The author has defined the log function as integral(1/u)du from 1 to x. (Screenshot 3)

He then proceeds to define the exponent as an inverse operation to this 'newly discovered' log function (allowed because in the range defined (0,infinity), log is a monotonically increasing continuous function)

And only then proceeds with the argument above.

Hence, I wonder how could we take z = -1. Wouldn't it imply 1/x = -1 i.e x = -1 which is outside the defined domain for logx?

If we rather take the function as log|x|, that opens the question, how do we define log|x| as an integral? (similar to the author's approach)

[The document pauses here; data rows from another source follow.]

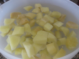 - Poner a calentar agua en un cazo,en el momento que rompa a hervir añadir el jengibre escurrido y llevarlo a ebullicion durante 4 minutos.Sacar, escurrir y refrescar con agua fría.
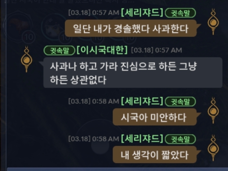 잘생각해보고 여기나 귓말로 사과 한번 해줭 ♡
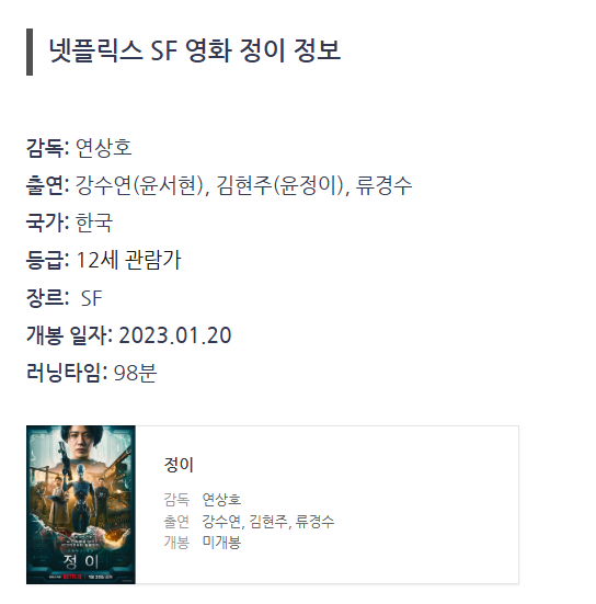 A: 물론이지! 오늘은 넷플릭스 코리아에서 감상할 수 있는 한국 SF 영화, 《정이 (JUNG_E, 2023)》를 소개할게.
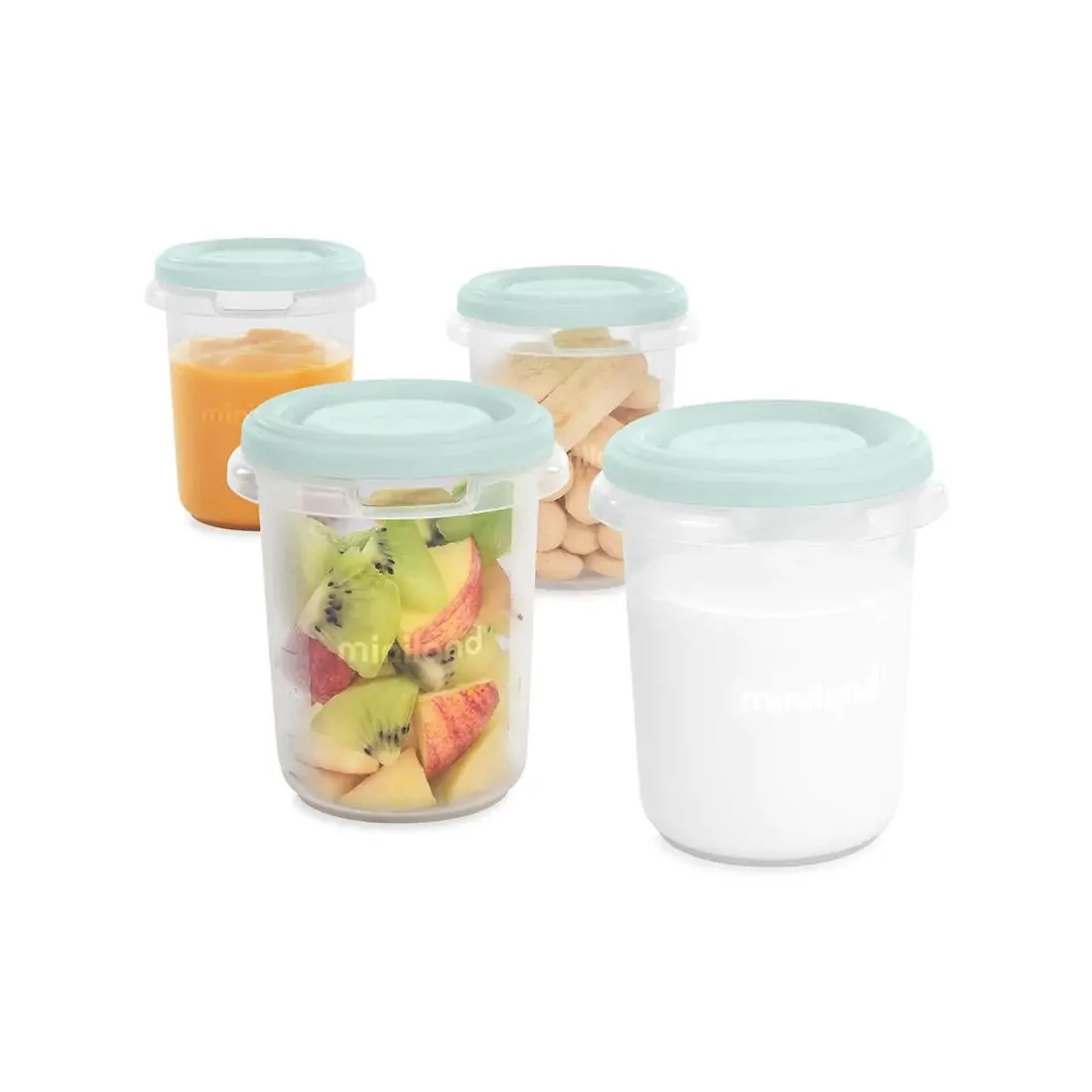 Miniland Set 4 pots de conservation Mint. Quatre récipients hermétiques d’une capacité de 250 ml et gradués sur le côté, pour congeler et décongeler les repas de votre bébé chaque fois que nécessaire. Recommandés spécialement pour le lait maternel. Avec leur couvercle de couleur menthe, vous pourrez toujours les repérer et les différencier des autres. Grâce à leur qualité exceptionnelle, vous pouvez décongeler dans le même récipient à l’aide d’un chauffe-biberon, d’un micro-ondes ou d’un bain-marie. Comme votre bébé le préfère ! Fabriqué en Espagne.
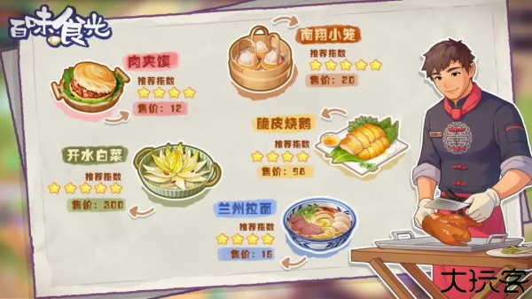 提高厨具与熟练度,逐步解锁各地菜肴,收益随之提升。
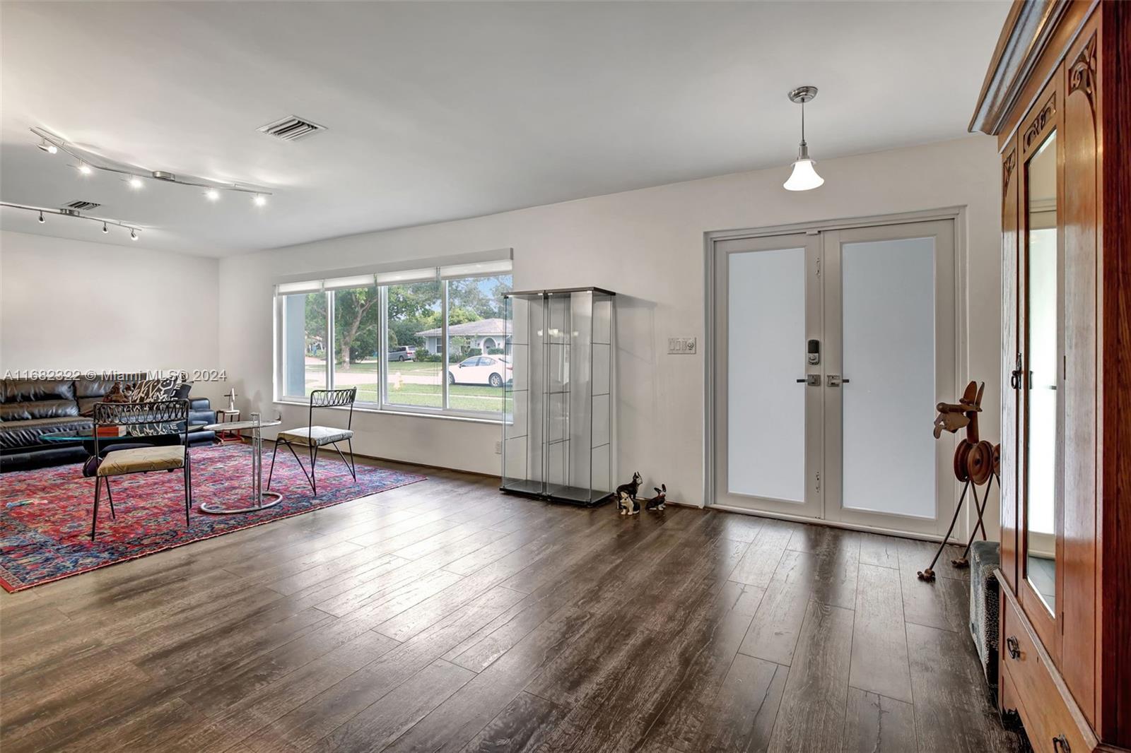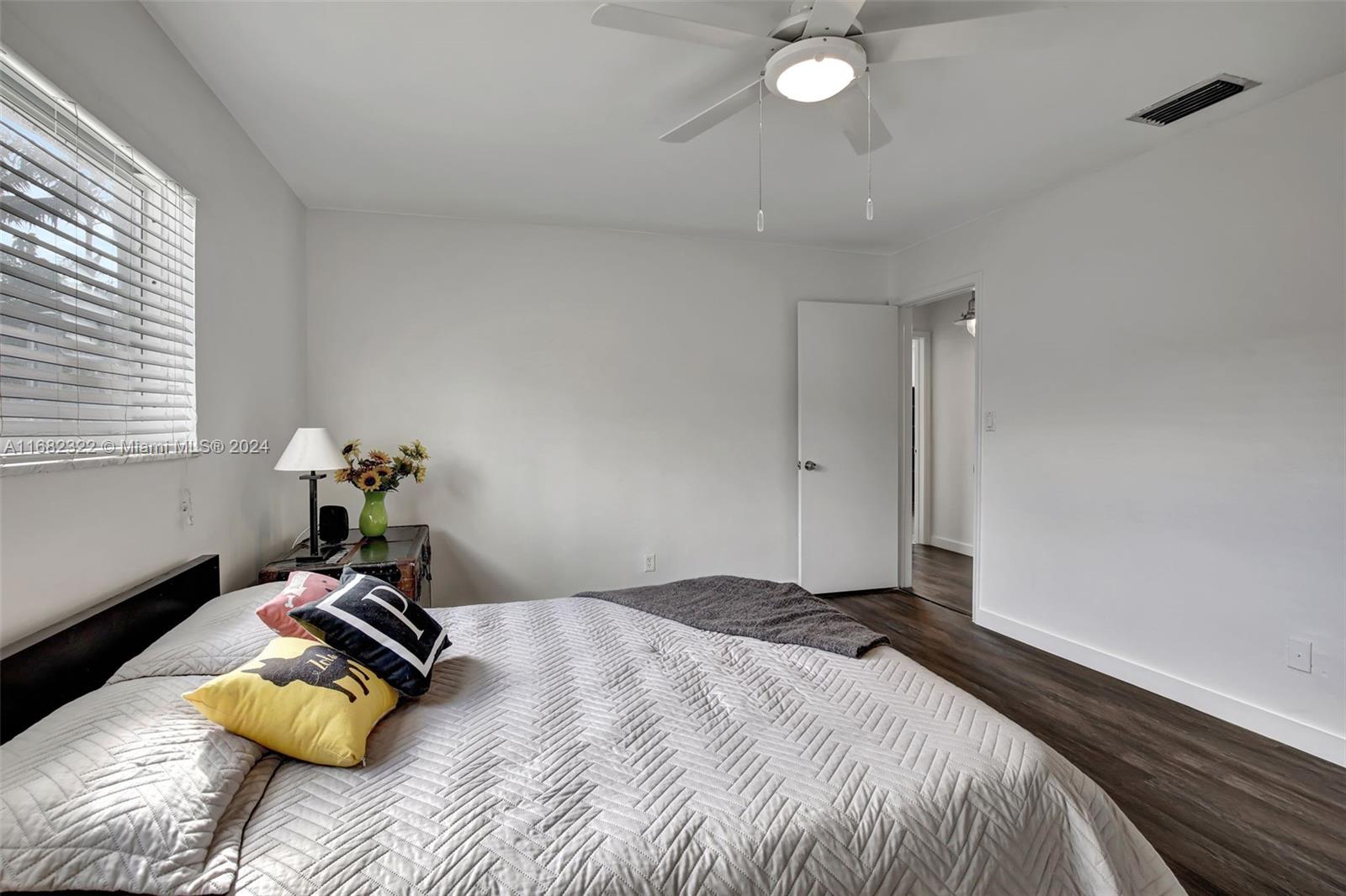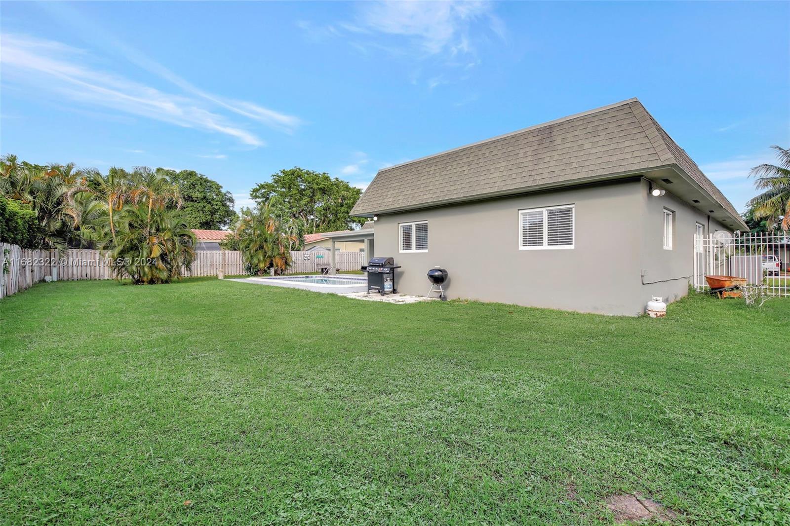 Move right into this spacious split floor plan on a quiet street with a well-manicured large private interior fenced lot. This carpet-free home is freshly painted & offers smooth flat ceilings, modern reveal baseboards,impact glass doors & windows, an updated kitchen with solid wood white cabinetry, granite counters, stainless appliances, double ovens, great storage, a pantry & nice pass-through window to a large covered patio making it great for entertaining... complete with wet bar. Enjoy Updated baths, & a cabana bath which is complete with a jetted soaking tub, PVC pipes throughout, an indoor laundry room, a great oversized private yard, & a full-size open pool. This location offers Easy access to 595, Broward Mall, Midtown Shops, The Fountains, Plantation Walk and so much more.
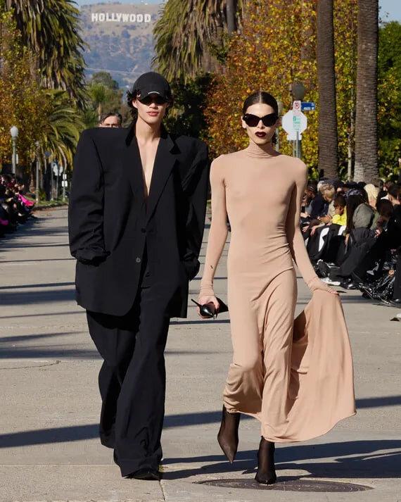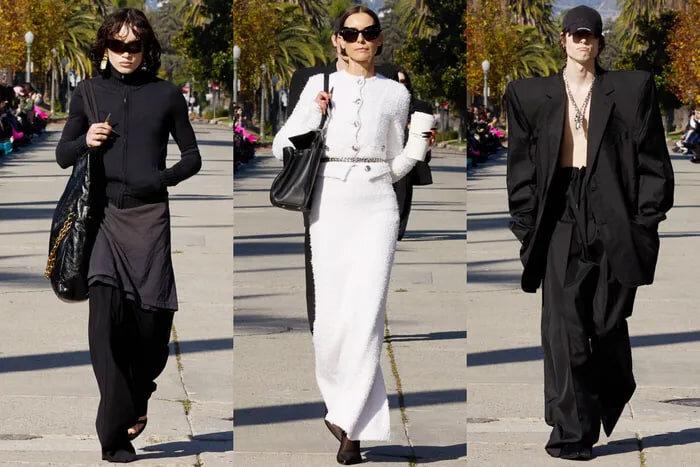 Тревожная темнота последнего шоу Balenciaga зависела от света, то есть от яркого солнечного света Лос-Анджелеса. “Я не смог бы создать коллекцию [подобную этой] в Нью-Йорке”, — сказал креативный директор Демн. “И я не смог бы показать ее в Париже. Речь шла о том, что приходит отсюда”. Balenciaga первоначально планировала провести свое шоу в субботу вечером, но благоразумно перенесла его на начало дня, расположившись на обсаженной пальмами улице в элегантном парке Хэнкок с видом на вывеску Голливуда вдалеке, как на открытке.
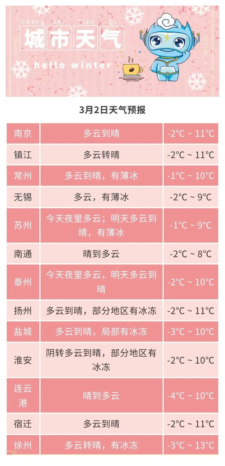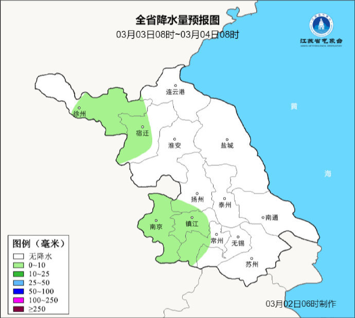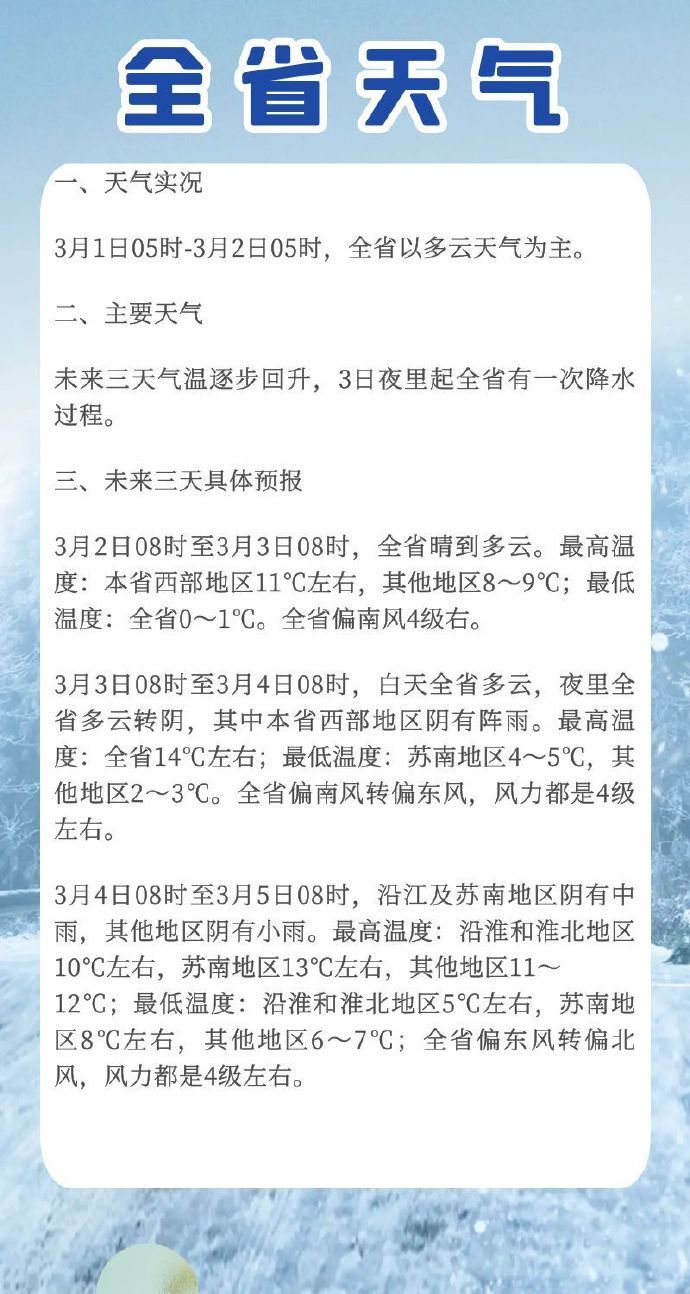 3月2日08时至3月3日08时,全省晴到多云。最高温度:本省西部地区11℃左右,其他地区8~9℃;最低温度:全省0~1℃。全省偏南风4级右。
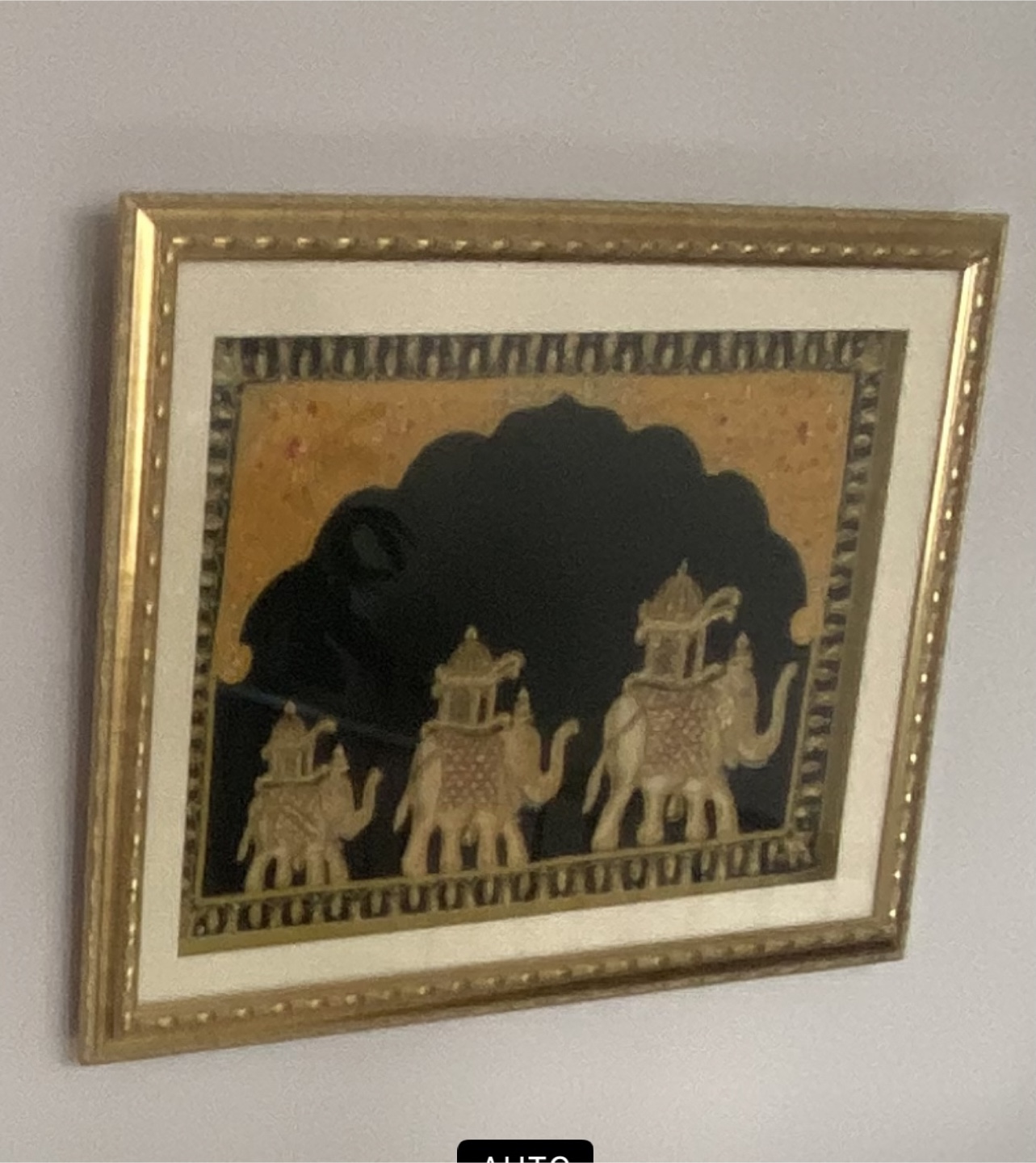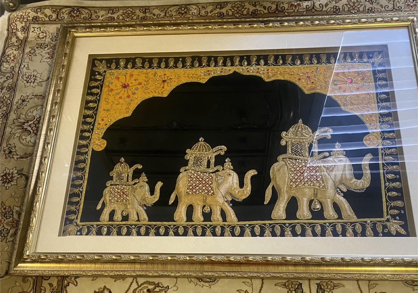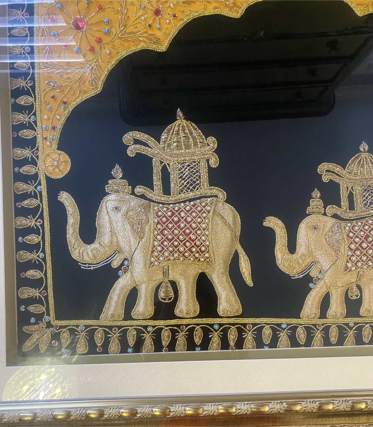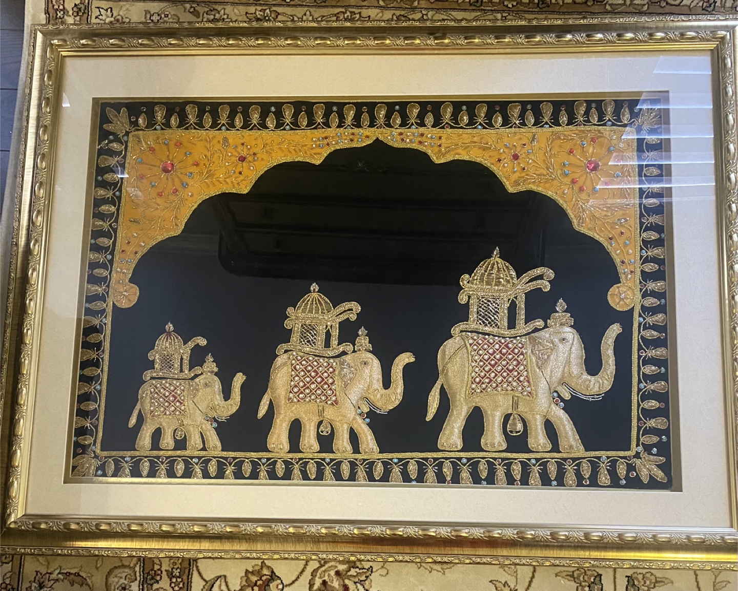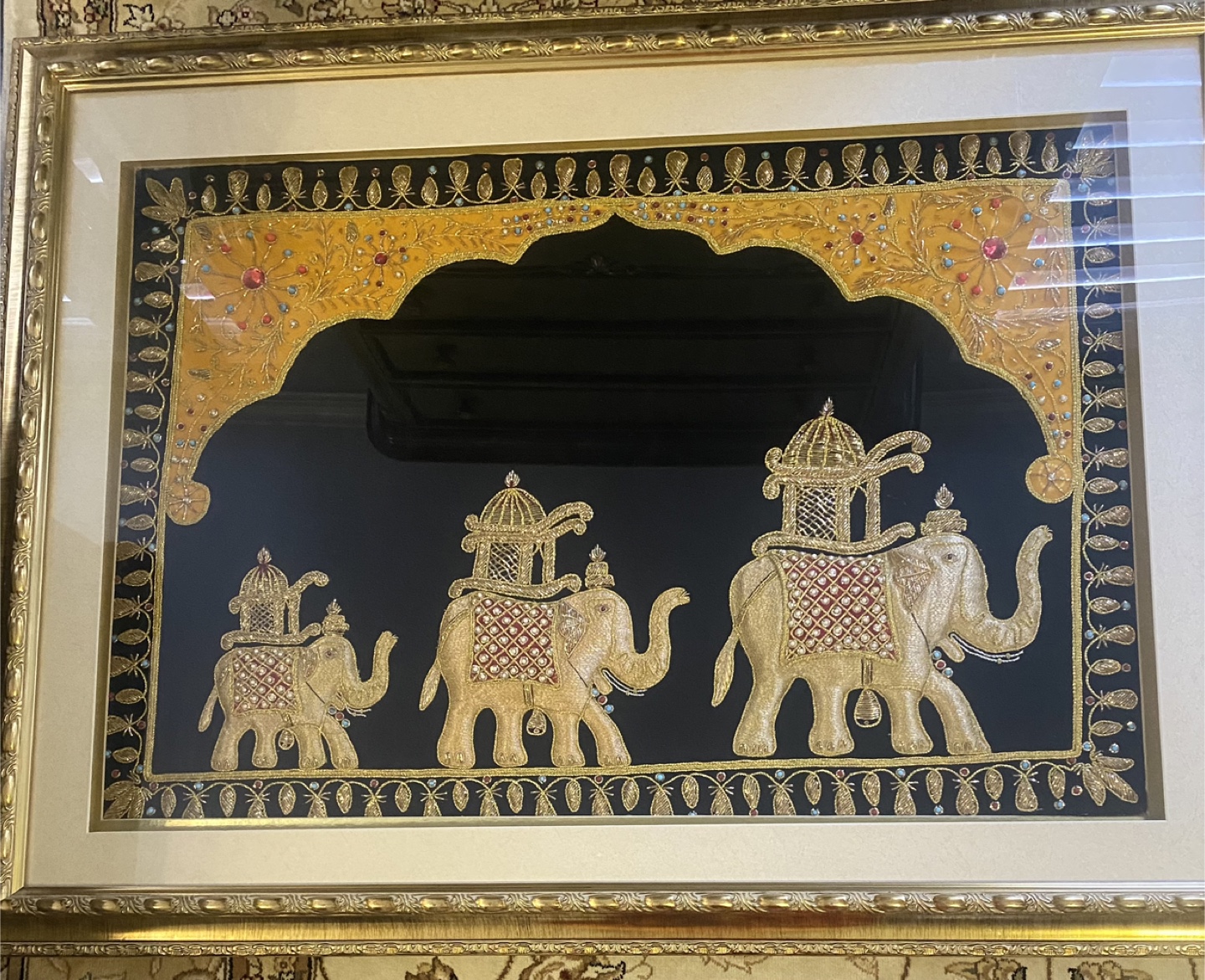 Beautiful framed embroidery art featuring elephants. The frame is gold-toned and the artwork has intricate detailing

How do we define the inverse of log|x| (not 1-1)?

What am I missing here?

Answer 1

For any $z$ you can define $E(z)=\lim_{n\to\infty}\left(1+\frac zn\right)^n$. The cited argument shows that $E(z)=\exp(z)$ for positive $z$, where $\exp$ is the inverse function of $\ln$. In the cited pages it is not shown that $\exp$ is an exponential function, so that writing $\exp(z)=e^z$ is not really justified. For that one would need to show that the functional equation $E(x)E(y)=E(x+y)$ is satisfied, and that $E$ is a continuous function (some rather weak formulations are possible).

For any real number $z$ you get, for sufficiently large $n$, $$ \left(1+\frac zn\right)^n\left(1-\frac zn\right)^n = \left(1-\frac{z^2}{n^2}\right)^n\in\left[1-\frac{z^2}n,\,1\right] $$ the last using the Bernoulli inequality $(1+a)^n\ge 1+an$ for $a\ge -1$. From this follows $$ E(z)E(-z)=1\implies E(-z)=E(z)^{-1}. $$

This allows to extend the identification $E(z)=\exp(z)=e^z$ also to negative $z$.

Answer 2

Note that $\log\lvert x\rvert$ is differentiable in $\mathbb R\setminus\{0\}$ and if you differentiate it, you get $\frac1x$. So, yes, you can take negative values for $x$.

Answer 3

Notice that

$$1-\frac1n=\frac1{\dfrac n{n-1}}=\frac1{1+\dfrac1{n-1}}.$$

Then raising to the power $n$ or $n-1$ makes no difference (the factor tends to $1$) and

$$f(-1,n)=\frac1{f(1,n)}$$ in the limit.